Certain flavourings used in electronic cigarette liquid may alter important cellular functions in lung tissue, according to new research presented at the 2015 American Thoracic Society International Conference.

These changes in cell viability, cell proliferation, and calcium signaling are flavour-dependent. Coupling these results with chemicals identified in each flavour could prove useful in identifying flavours or chemical constituents that produce adverse effects in users.

"The effects of the various chemical components of e-cigarette vapor on lung tissue are largely unknown," says lead author Temperance Rowell, a graduate student in the Cell Biology and Physiology Department of the University of North Carolina at Chapel Hill. "In our study using human lung epithelial cells, a number of cell viability and toxicity parameters pointed to 5 of 13 flavours tested showing overall adverse effects to cells in a dose-dependent manner."

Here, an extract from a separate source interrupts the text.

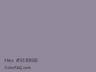 Hex #91889b Color is a normal violet color and the nearest color is Manatee Crayola #8d90a1. Hex code #91889b and RGB value is rgb(145,136,155). In RGB color space, this color is composed of 57% red, 53% green, 61% blue, In CMYK color space, this color is composed of 6% cyan, 12% magenta, 0% yellow , 39% black , In HSL color space, this color has a hue angle of 268° , 9% saturation and 57% lightness.
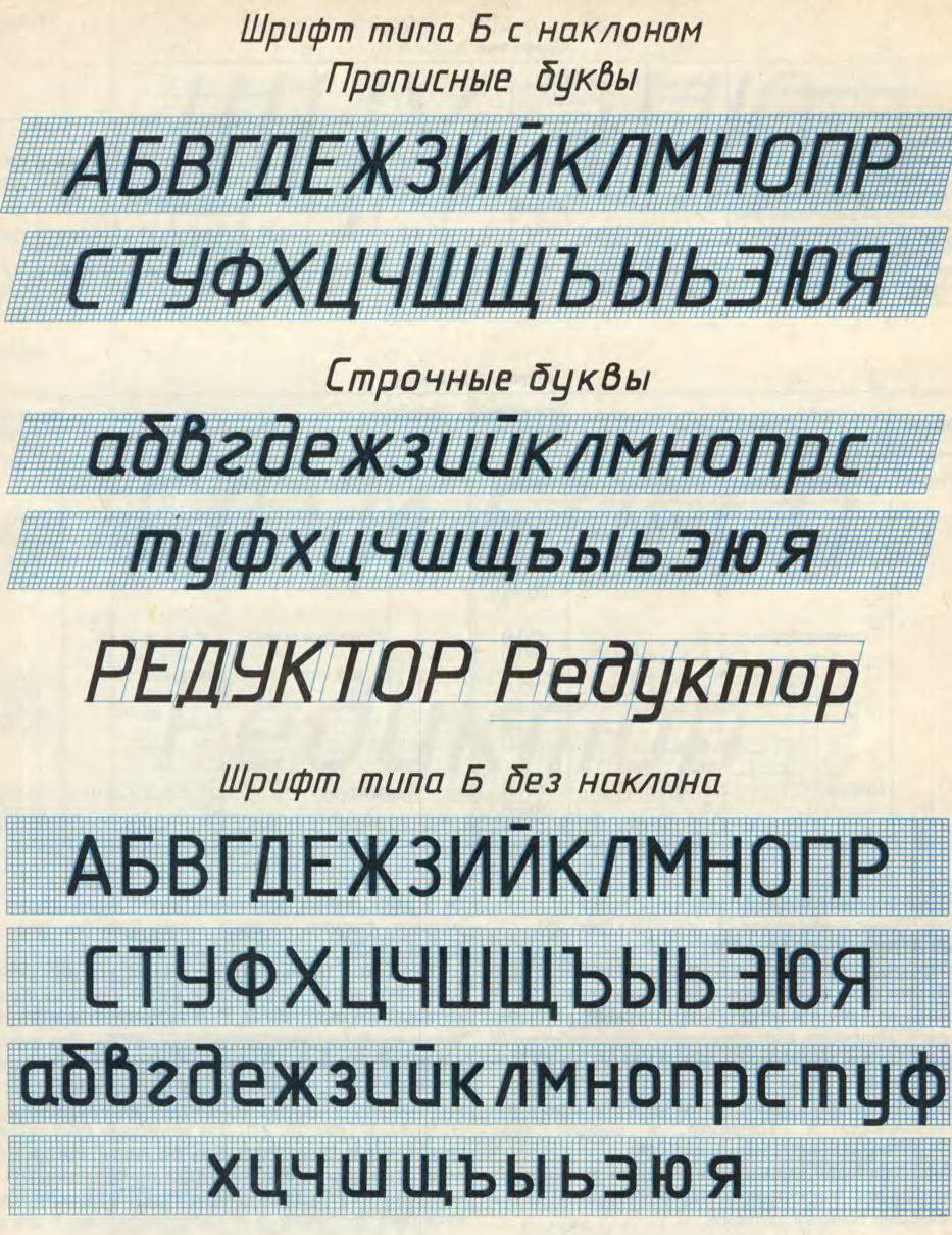 Чертежи, схемы и другие конструкторские документы содержат необходимые надписи: название изделий, размеры, данные о материале, технические требования, спецификации. Если надписи сделаны небрежно, то при изготовлении деталей по таким чертежам возможны ошибки. Типы и размеры шрифтов, цифр, знаков и т.д. устанавливает ГОСТ 2.304-81. Размер шрифта h – величина, определенная высотой прописных букв в миллиметрах. Толщина линии шрифта d зависит от типа и высоты шрифта ГОСТ устанавливает следующие размеры шрифта: (1,8); 2,5; 3,5; 5; 7; 10; 14; 20; 28; 40. Стандартом установлены 2 типа шpифтов: тип А и тип Б, каждый из котоpых можно выполнить или без наклона, или с наклоном 75 гpадусов к основанию стpоки. В учебной практике предпочтительнее применять шрифт типа Б с наклоном 75 градусов.

In the study, cultured human airway epithelial cells were exposed to various doses of the 13 e-cigarette liquid flavours for 30 minutes or 24 hours. During the 30 minute exposure test, the flavours Hot Cinnamon Candies, Banana Pudding (Southern Style), and Menthol Tobacco elicited a dose-dependent calcium response and were toxic to the cells at higher doses.

During the 24 hour exposure test, these same three favours decreased cell proliferation and cell viability in a dose-dependent manner.

The toxic effects of these flavourings were not seen with either nicotine or the e-liquid vehicle, which consisted of propylene glycol and vegetable glycerin.

Additional experiments testing the aerosolized product of e-liquid flavors on cultured primary human bronchial epithelial cells are ongoing. Flavors being tested were selected from the findings in this study.

"The specific chemical components underlying the toxic effects of these e-cigarette flavors on cell viability, proliferation, and calcium signaling in airway epithelia are undergoing further study in our lab," says Rowell.
"Given the increasing popularity of flavoured e-cigarettes, a better understanding of their ingredients, the potential health risks of these ingredients, and the causes of these risks is urgently needed," she adds.